Q4: Most managers say they believe in clear strategies. Why do so few actually do it?
Mukhtar traces the gap between belief and execution to one recurring failure: treating every organization as if the same solution works. He retreats from universal laws, and his thinking is based on observation rather than theory. “If I talk to 10 CEOs, they all have a very different style, a different way of looking at things,” he said. “There is no single solution to any problem. And I think you have to approach it that way.”
That view weighs against current data. McKinsey’s 2024-2025 survey of more than 400 CEOs worldwide found that only 21% reported that their organization’s strategy passed the firm’s Ten Strong Tests, a 40% drop from results taken a decade and a half earlier. A different analysis found that 68% of middle managers in a McKinsey study admitted that they properly organize negative information before forwarding it, which means that managers often finalize plans based on a picture that no longer shows the conditions on the ground. In mature organizations that operate as large bureaucratic institutions, Mukhtar says the answer often involves thinking outside the box: someone with no institutional attachment can ask questions insiders have stopped asking. For small companies still getting their structure, the task is different. “There are growing pains for many of these start-up companies trying to transition into full-fledged companies,” he said. “Every organization, every person is different and you have to treat it as such.”
Q5: What do you want to work on in the next few years, and where do you think the biggest opportunities are in your field?

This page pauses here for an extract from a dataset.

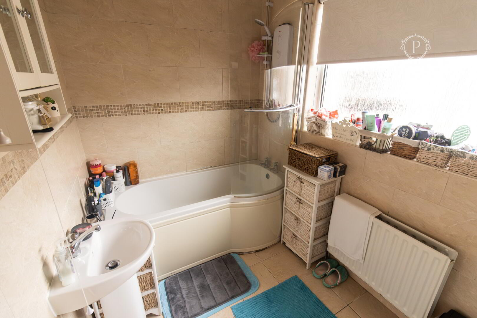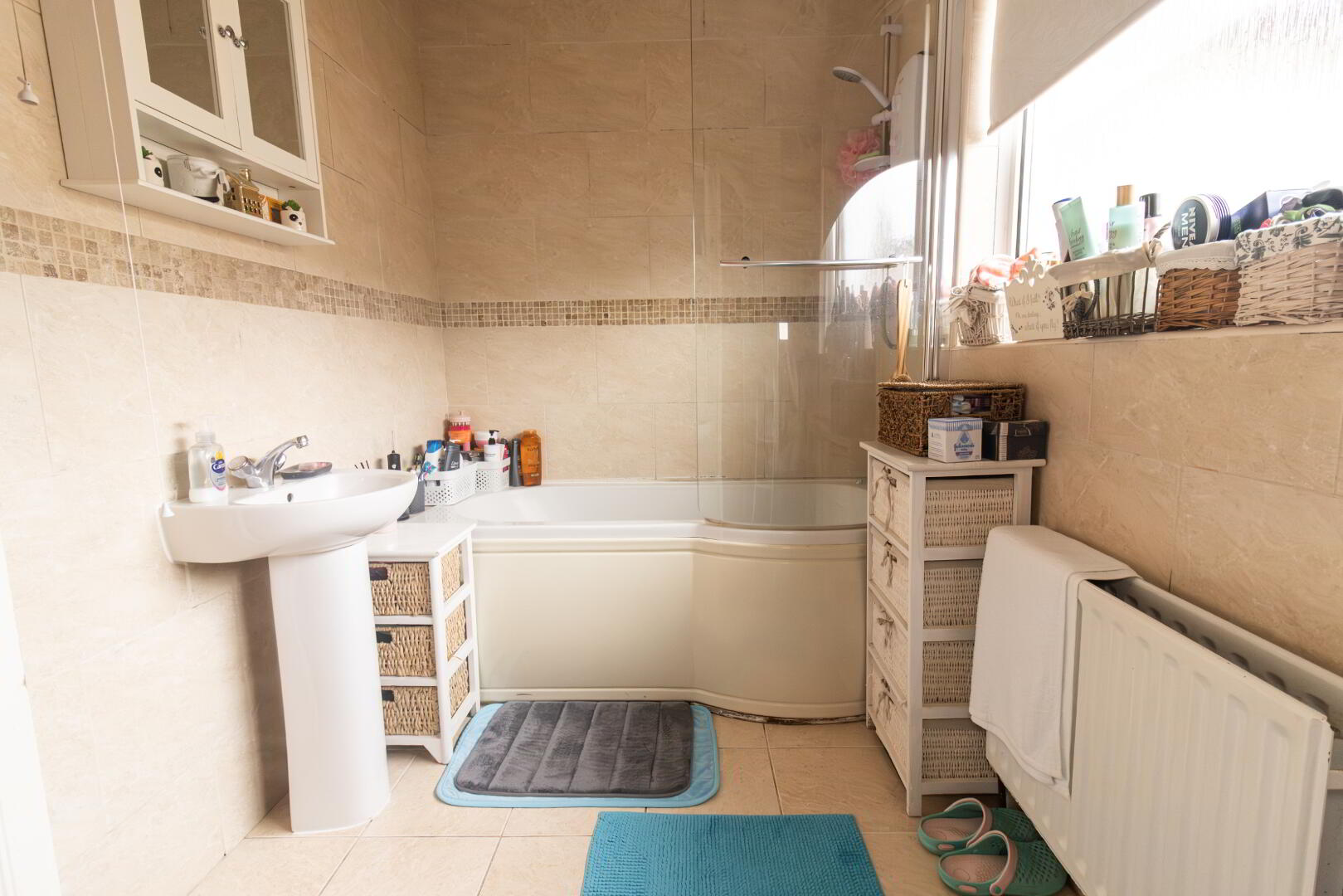 The bathroom is finished in a contemporary style and comprises a panelled bath with overhead shower and curved glass screen, pedestal wash hand basin, and low flush W.C. Fully tiled throughout and complemented by a large frosted window, the space is bright, functional, and easy to maintain.

Mukhtar is specific about his ambitions, and they are closer to results than growth metrics. He describes looking for work where results are visible and measurable, rather than projects measured on timelines that are too long to produce real accountability. “I like to take on projects where I can see results,” he said. “I’m a results-oriented person. I don’t like to work on things that you won’t see results for a hundred years.”
That orientation points him to health care reform as a priority, especially Medicaid, where he spent several years earlier in his career and believes that big, measurable change is still possible. “There are a lot of opportunities to use Medicaid to really help people and get them to a place where they are healthy and contributing members of the community,” she said. “I don’t think that’s how our Medicaid system is being used today.” More broadly, Nicholas Mukhtar says he wants to grow Tera Strategies to the point where he can be selective about his involvement, choosing clients and projects based on merit and impact rather than volume. He doesn’t explain the scale because of it. He describes the ability to pursue the kind of work that produces the results he saw happen in Detroit – a park where kids played basketball on an abandoned court, a block that looked different because someone chose to intervene. He said: “Seeing those results and seeing kids use something that you had a hand in building,” he said, “that’s what I love. That’s what I love to do. That’s what drives me.”